Ford may find that porn sticks around

Following Ford's amnesty on offensive material, the company is going to have a difficult time making sure its computers are clear, say experts

Internet filtering experts have criticised Ford's plan to remove pornography from its workers' computers.

On 4 March, Ford issued a two-week amnesty to its 20,000 UK workers to remove any offensive, including racist, material either downloaded from the Internet or received via email from their machines. The car manufacturer offered help from its computer systems managers to remove the content during this period.

However, Internet filtering experts have expressed doubt that Ford will be able to search and catalogue the millions of files throughout its 345,000-strong global workforce.
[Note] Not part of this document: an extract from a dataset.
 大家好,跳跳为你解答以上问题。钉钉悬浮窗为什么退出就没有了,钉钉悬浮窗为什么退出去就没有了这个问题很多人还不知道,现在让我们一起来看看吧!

Search firm Inktomi currently catalogues data held on companies' internal servers but has not yet extended this to individual workers' computers. This would be a highly labour-intensive exercise.
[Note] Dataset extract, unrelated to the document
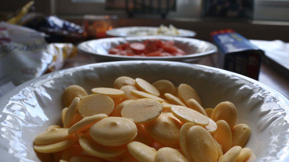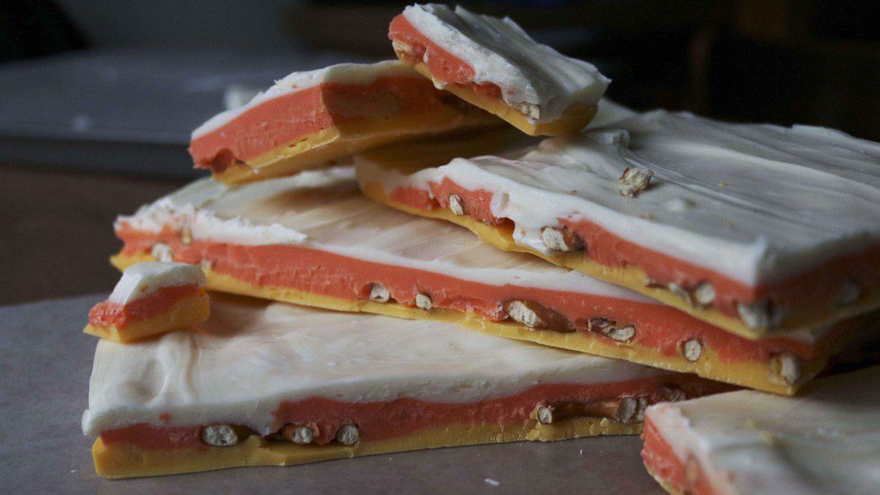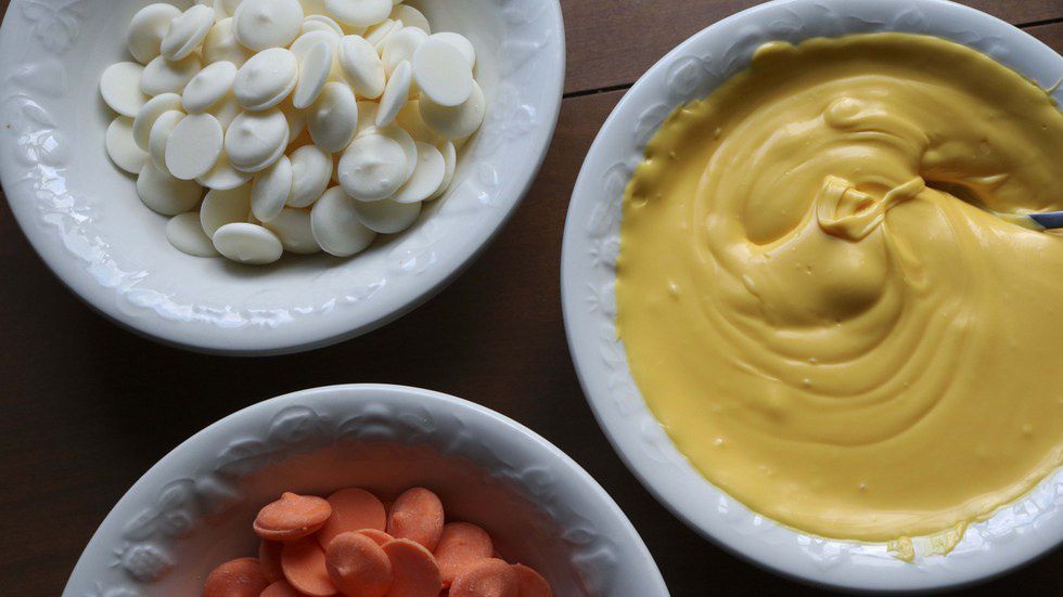 Pictured I have orange, yellow, and white candy melts. Instead of just the white candy melts I ended up adding white chocolate chunks. Feel free to use white chocolate for everything and just dying portions of it yellow and orange with some food coloring. I did use two bags for each layer, but my bark also came out super thick. I would start off with one bag, you can always add more to make the thickness up to your preference.

Many companies are unaware they have a problem with offensive material on their workers' computers, according to Martyn Richards, European head of filtering film Tumbleweed. He said, "If you ask me whether there will be any pornography on a PC in Ford within two weeks from now, I would say 'definitely yes'. Most people don't know how to start cleaning up their PCs."

It is far easier to monitor email traffic and Internet sites visited in real time than to clean existing content on hard drives. Workers taking laptops home complicate matters even more. Using a computer for both work and personal use adds to the problem. "How do you draw the line at what is offensive and what is pornographic?" said Richards. "Different organisations will have different views about what they will and will not allow."

"In the example of Ford, you cannot expect to enforce a clean-up of computers content by sending memos." Automated filtering technology is seen to be the solution, together with lists of sites that are forbidden.

Regional variations add a further level of complexity. For example, what is considered normal for an advertising department in Europe could be offensive in the Middle East.

Johanna Severinffon, marketing manager at filtering firm Websense, said software exists that can be custom-tailored for individual workers at specific locations that will allow them to visit particular Web sites. "We have all innocently clicked on a link in an email, or in a search engine, that takes you through to a site that is inappropriate," she said. "It is better to block out it out in the first place and then you will not have a problem. Then the employee is spared embarrassment and the company is protecting itself and its reputation."

Spam or unwanted email is a curse for an increasing amount of people in the workplace who find their email address innocently harvested by a growing multitude of spammers, filling their inbox with a variety of dubious offers ranging from the pornographic to get-rich-quick merchants and reverse-ageing 'specialists' for example.

The problem with inappropriate material in the workplace is so deep-rooted that companies need to have a combination of software automated filtering and a clear company policy that leaves workers in no doubt what is permissible while not infringing their privacy. In Switzerland, companies deal with stricter privacy laws by using software which bounces back potentially offensive emails from workers, and sends a request for them to modify the content before it can be sent.